RECORDS FOR THIS TASK Block Start
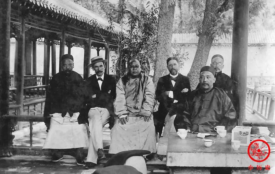 这张照片拍摄于1901年,地点在山东巡抚衙门内,Dr. Hedley摄影。当时巡抚大人袁世凯、山东商务局总办唐绍仪(老袁身后那位)等人与外国客人喝茶聊天,话题涉及通商和利权。袁世凯从担任山东巡抚开始,但凡有外事活动,一定会带上唐绍仪。
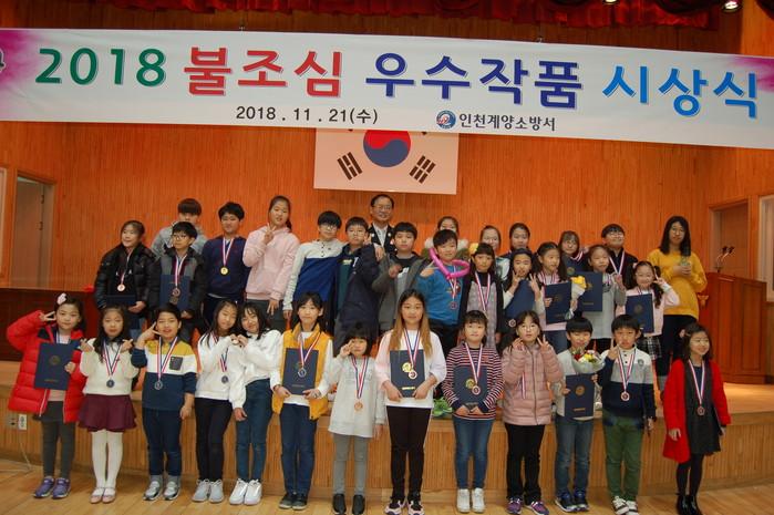 이번 시상식은 불조심 작품 공모전에 접수된 상상화ㆍ포스터 2개 분야 156점의 작품에 대하여 전문 심사자의 공정한 심사를 통해 각 분야 우수작을 선정하여 진행되었으며, ▲상상화 대상-효성동초등학교 이수민 ▲포스터 대상-길주초등학교 박소연 학생을 비롯해 30명의 학생이 수상하는 영광을 안았다. 또한 부대행사로 마술쇼, 페이스페인팅, 안전체험 행사 등을 진행해 시상식에 참석한 학부모와 학생들에게 큰 호응을 얻었다.
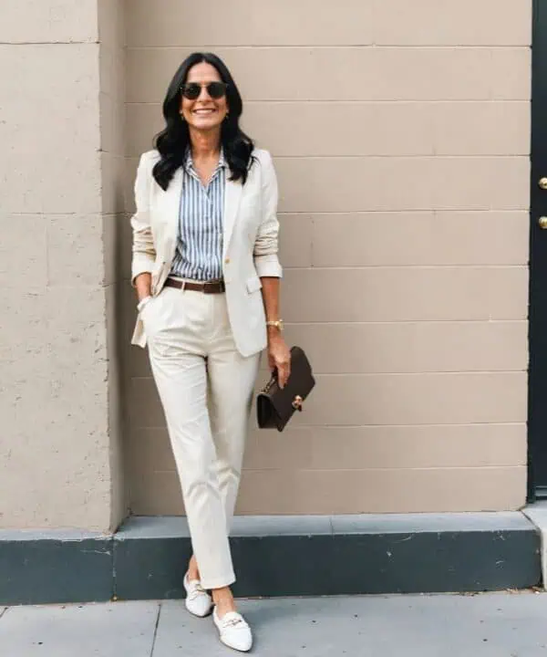 Opting for a linen blend blazer with matching pants speaks volumes about style and comfort, especially for the 50-plus crowd. Linen is a breathable fabric, perfect for warmer weather while still maintaining a structured look. The tailored blazer accentuates the shoulders and traditional lines, giving it a sharp sophistication, while straight pants provide an easy fit that allows for movement. Cinching at the waist enhances your natural shape without compromising on comfort, creating a cohesive ensemble. Complementing the look with elegant pumps adds height and poise. When paired with a simple tote and sleek accessories, this outfit effortlessly transitions from day to evening engagements.
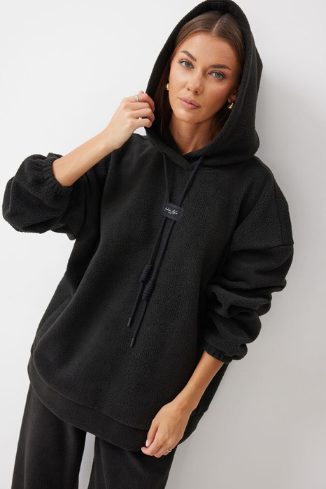 Джемпер прямого силуэта из комфортного трикотажного полотна. Горловина обработана капюшоном. Рукав со спущенной линией плеча, по низу на резинке. По низу джемпера притачной пояс. По переду декоративная нашивка и шнур. Обращаем ваше внимание, что фурнитура может отличаться от фото.
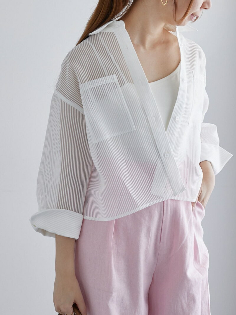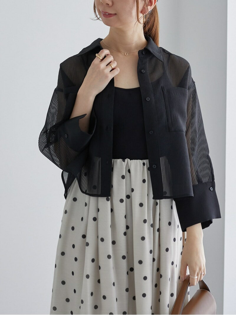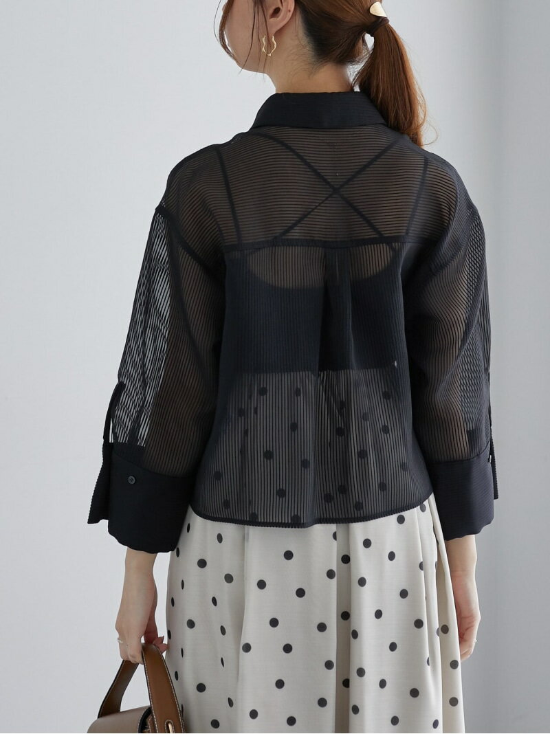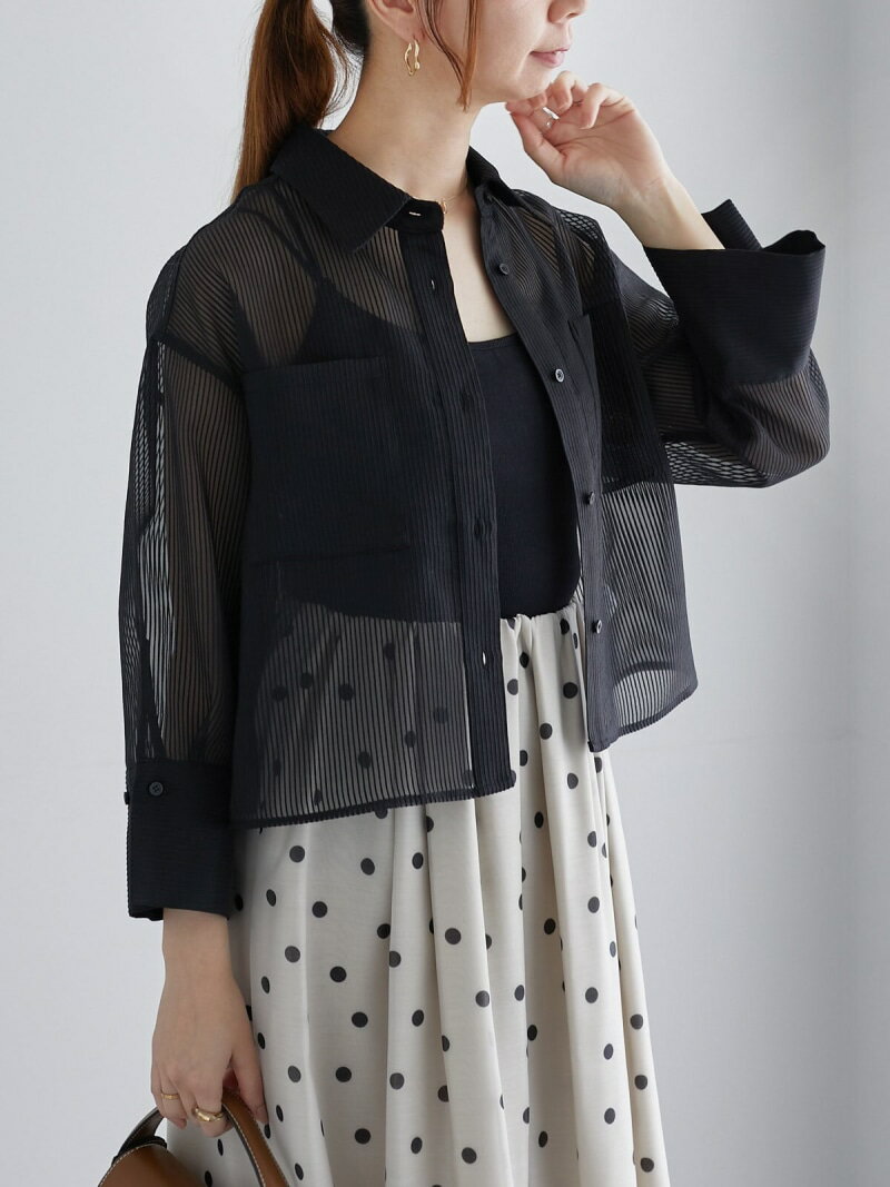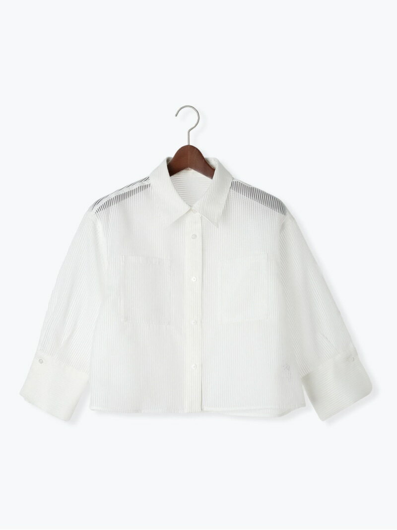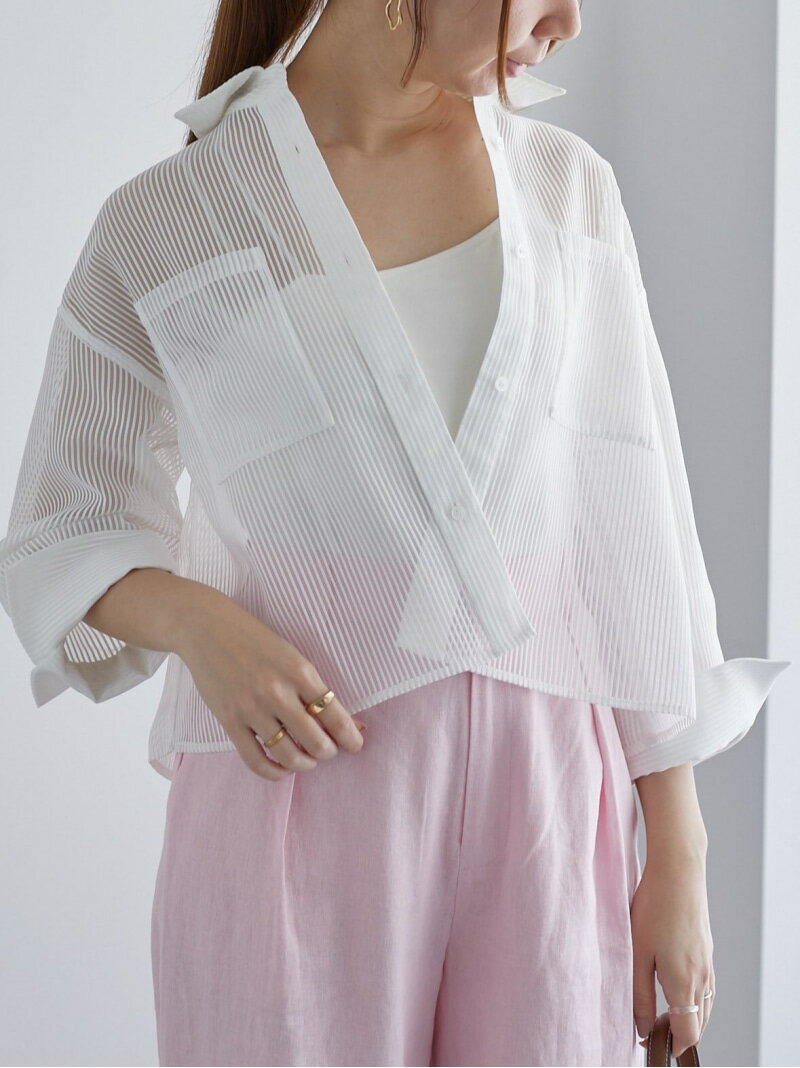 【SALE/30%OFF】シアーコードストライプシャツジャケット Te chichi テチチ ジャケット・アウター ノーカラージャケット ホワイト ブラック【RBA_E】【送料無料】[Rakuten Fashion]
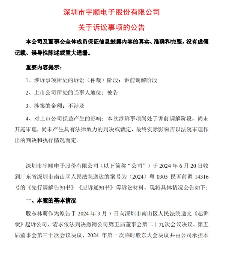 半年後,事件迎來新進展。據ST宇順(002289.SZ)6月21日披露,公司於近日收到廣東省深圳市南山區人民法院送達的《先行調解告知書》《應訴通知書》等訴訟材料。
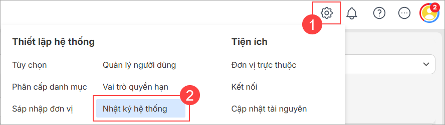 1. Vào Thiết lập hệ thống\Nhật ký hệ thống.
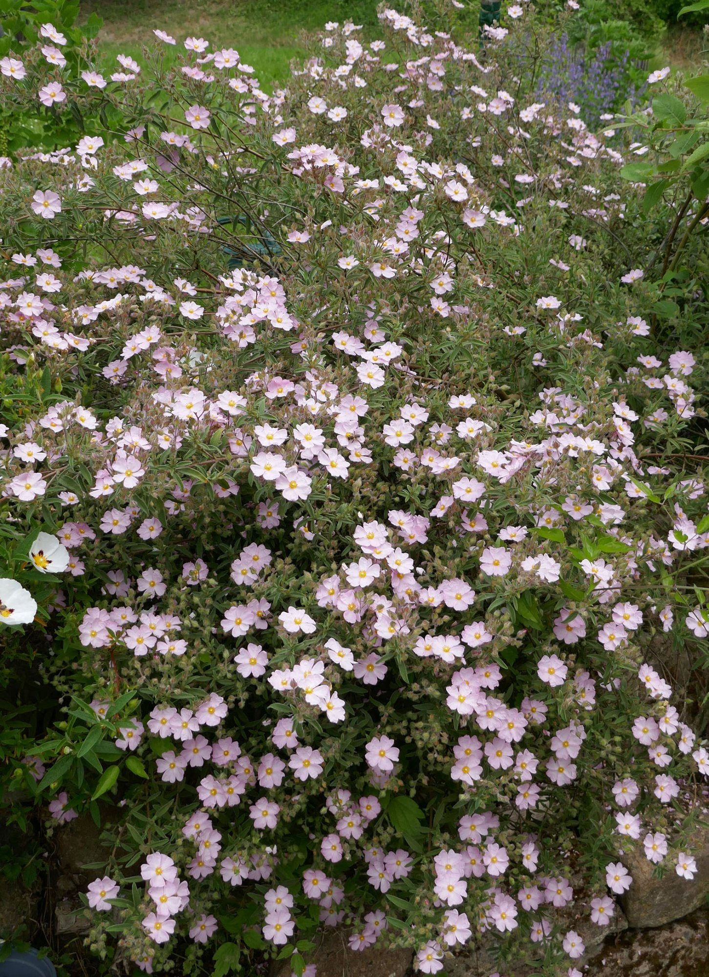 C. salviifolius und C. clusii sind mit der Blüte durch. Eine unbekannte, die x lenis grayswood pink ähnlich sieht aber strauchartig und höher wächst ebenfalls. C. incanus und C. x verguinii in voller Blüte
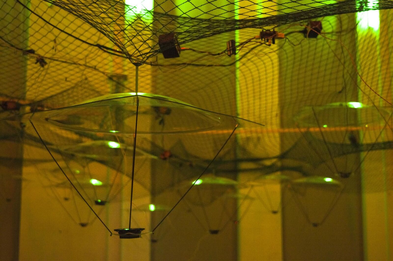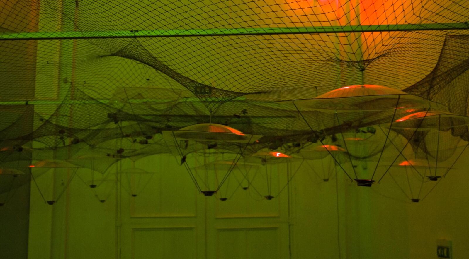 ln the work I am exploring the Amazon rainforest sounds that we, usually, cannot hear. These sounds are produced by the Amazon rainforest plants, animals, insects and birds. The work is a part of my research on communication among plants, insects and birds to find a way to save forests after birds' extinction. ln this part of research I am interested in ultra sounds. William J. Mattsan and Robert A. Haack, in their paper ""The Role of Drought in Outbreaks of Plant-eating lnsects"", suggested that insects can hear the tree produced sound emissions. The sound emissions in the trees are produced in a cavitation process, when the water from the ground is going up to the tree branches, it produces sounds in the range between 20 kHz and 2000 kHz. My goal during the residency was to record sounds around 30 trees, so I could research these sounds and try to find the sounds that might be made by the tree it self. ln my notebook I marked the tree pattern (how fare the trees are each from the other) of recorded trees. Each tree will be one parabolic speaker (makes sound hearable only in one particular place, like a shower). Speakers will be set up in the same pattern as the trees in my note book and hanged on the ceiling. By walking through the installation and stopping in particular places, you will be able to hear the sounds which one of the 30 trees would hear/produce in the Amazon rainforest.
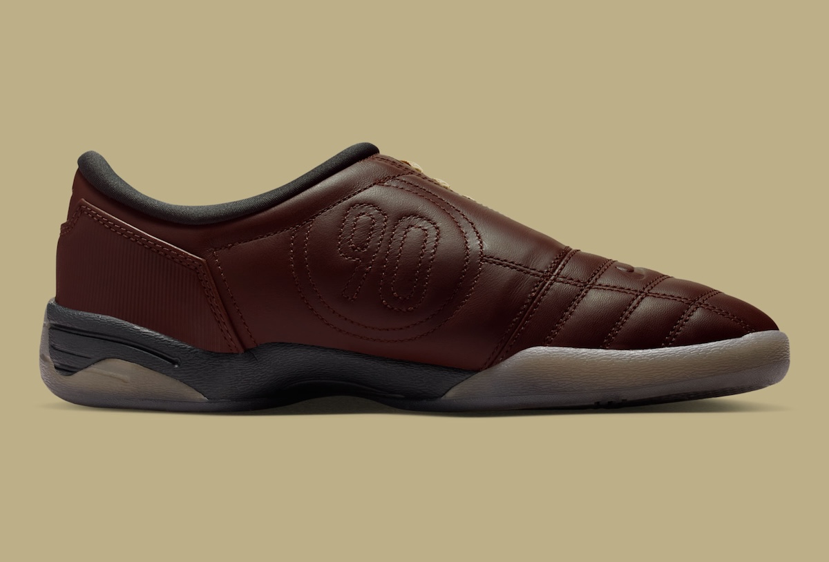 Appearing first as an indoor football boot, the T90 is back in high-end Baroque Brown leather upper treatment with its signature stitched silhouette and oversized “90” branding up and down the side.
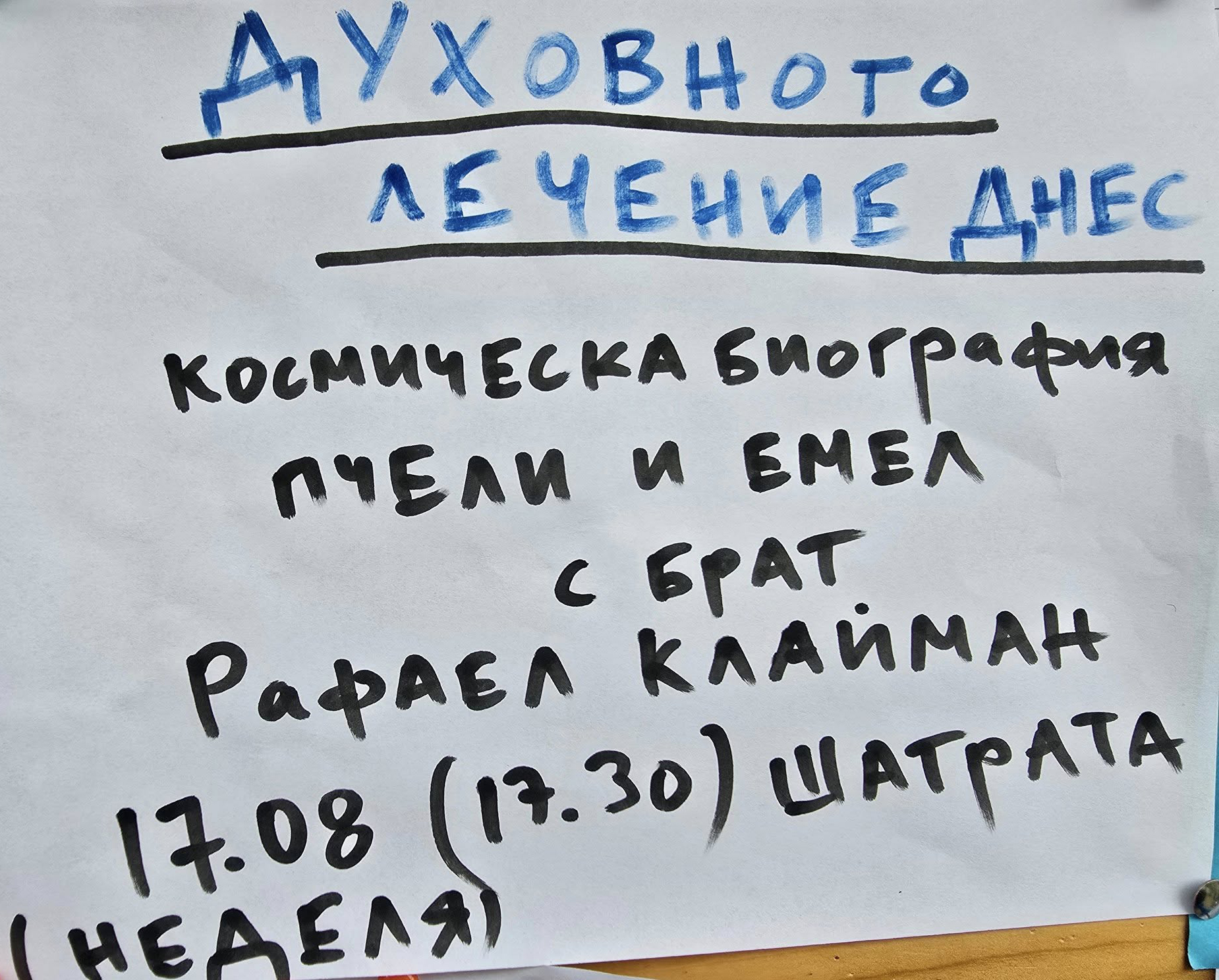 ![]() Духовното лечение днес Космическа биография, пчели и имел с брат Рафаел Клайман Дата: 17.08.2025 г. (неделя) Място: Шатрата - от 17:30 ч.
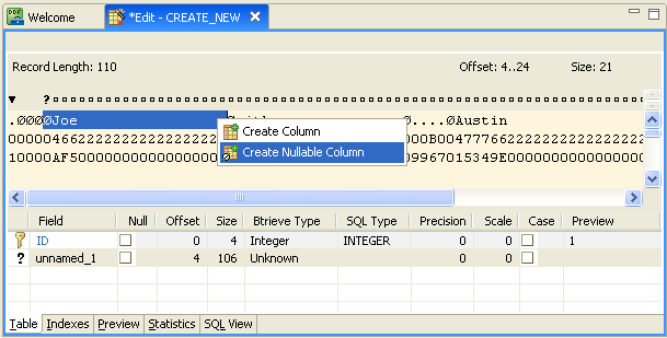 With DDF Builder still open, click the Preview tab in the Table Definition Editor.
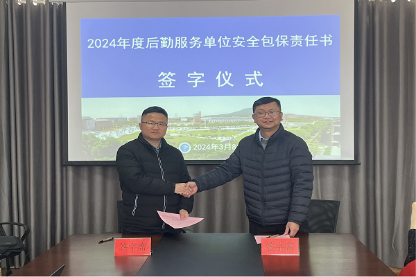 贺行佳代表学校与服务单位签订《2024年度后勤服务单位安全包保责任书》。
RECORDS FOR THIS TASK Block End
[EXERCISE]: Would you repeat the listing word for word and skip every picture?

[RESPONSE AREA]:
 这张照片拍摄于1901年,地点在山东巡抚衙门内,Dr. Hedley摄影。当时巡抚大人袁世凯、山东商务局总办唐绍仪(老袁身后那位)等人与外国客人喝茶聊天,话题涉及通商和利权。袁世凯从担任山东巡抚开始,但凡有外事活动,一定会带上唐绍仪。
 이번 시상식은 불조심 작품 공모전에 접수된 상상화ㆍ포스터 2개 분야 156점의 작품에 대하여 전문 심사자의 공정한 심사를 통해 각 분야 우수작을 선정하여 진행되었으며, ▲상상화 대상-효성동초등학교 이수민 ▲포스터 대상-길주초등학교 박소연 학생을 비롯해 30명의 학생이 수상하는 영광을 안았다. 또한 부대행사로 마술쇼, 페이스페인팅, 안전체험 행사 등을 진행해 시상식에 참석한 학부모와 학생들에게 큰 호응을 얻었다.
 Opting for a linen blend blazer with matching pants speaks volumes about style and comfort, especially for the 50-plus crowd. Linen is a breathable fabric, perfect for warmer weather while still maintaining a structured look. The tailored blazer accentuates the shoulders and traditional lines, giving it a sharp sophistication, while straight pants provide an easy fit that allows for movement. Cinching at the waist enhances your natural shape without compromising on comfort, creating a cohesive ensemble. Complementing the look with elegant pumps adds height and poise. When paired with a simple tote and sleek accessories, this outfit effortlessly transitions from day to evening engagements.
 Джемпер прямого силуэта из комфортного трикотажного полотна. Горловина обработана капюшоном. Рукав со спущенной линией плеча, по низу на резинке. По низу джемпера притачной пояс. По переду декоративная нашивка и шнур. Обращаем ваше внимание, что фурнитура может отличаться от фото.
 【SALE/30%OFF】シアーコードストライプシャツジャケット Te chichi テチチ ジャケット・アウター ノーカラージャケット ホワイト ブラック【RBA_E】【送料無料】[Rakuten Fashion]
 半年後,事件迎來新進展。據ST宇順(002289.SZ)6月21日披露,公司於近日收到廣東省深圳市南山區人民法院送達的《先行調解告知書》《應訴通知書》等訴訟材料。
 1. Vào Thiết lập hệ thống\Nhật ký hệ thống.
 C. salviifolius und C. clusii sind mit der Blüte durch. Eine unbekannte, die x lenis grayswood pink ähnlich sieht aber strauchartig und höher wächst ebenfalls. C. incanus und C. x verguinii in voller Blüte
 ln the work I am exploring the Amazon rainforest sounds that we, usually, cannot hear. These sounds are produced by the Amazon rainforest plants, animals, insects and birds. The work is a part of my research on communication among plants, insects and birds to find a way to save forests after birds' extinction. ln this part of research I am interested in ultra sounds. William J. Mattsan and Robert A. Haack, in their paper ""The Role of Drought in Outbreaks of Plant-eating lnsects"", suggested that insects can hear the tree produced sound emissions. The sound emissions in the trees are produced in a cavitation process, when the water from the ground is going up to the tree branches, it produces sounds in the range between 20 kHz and 2000 kHz. My goal during the residency was to record sounds around 30 trees, so I could research these sounds and try to find the sounds that might be made by the tree it self. ln my notebook I marked the tree pattern (how fare the trees are each from the other) of recorded trees. Each tree will be one parabolic speaker (makes sound hearable only in one particular place, like a shower). Speakers will be set up in the same pattern as the trees in my note book and hanged on the ceiling. By walking through the installation and stopping in particular places, you will be able to hear the sounds which one of the 30 trees would hear/produce in the Amazon rainforest.
 Appearing first as an indoor football boot, the T90 is back in high-end Baroque Brown leather upper treatment with its signature stitched silhouette and oversized “90” branding up and down the side.
 ![]() Духовното лечение днес Космическа биография, пчели и имел с брат Рафаел Клайман Дата: 17.08.2025 г. (неделя) Място: Шатрата - от 17:30 ч.
 With DDF Builder still open, click the Preview tab in the Table Definition Editor.
 贺行佳代表学校与服务单位签订《2024年度后勤服务单位安全包保责任书》。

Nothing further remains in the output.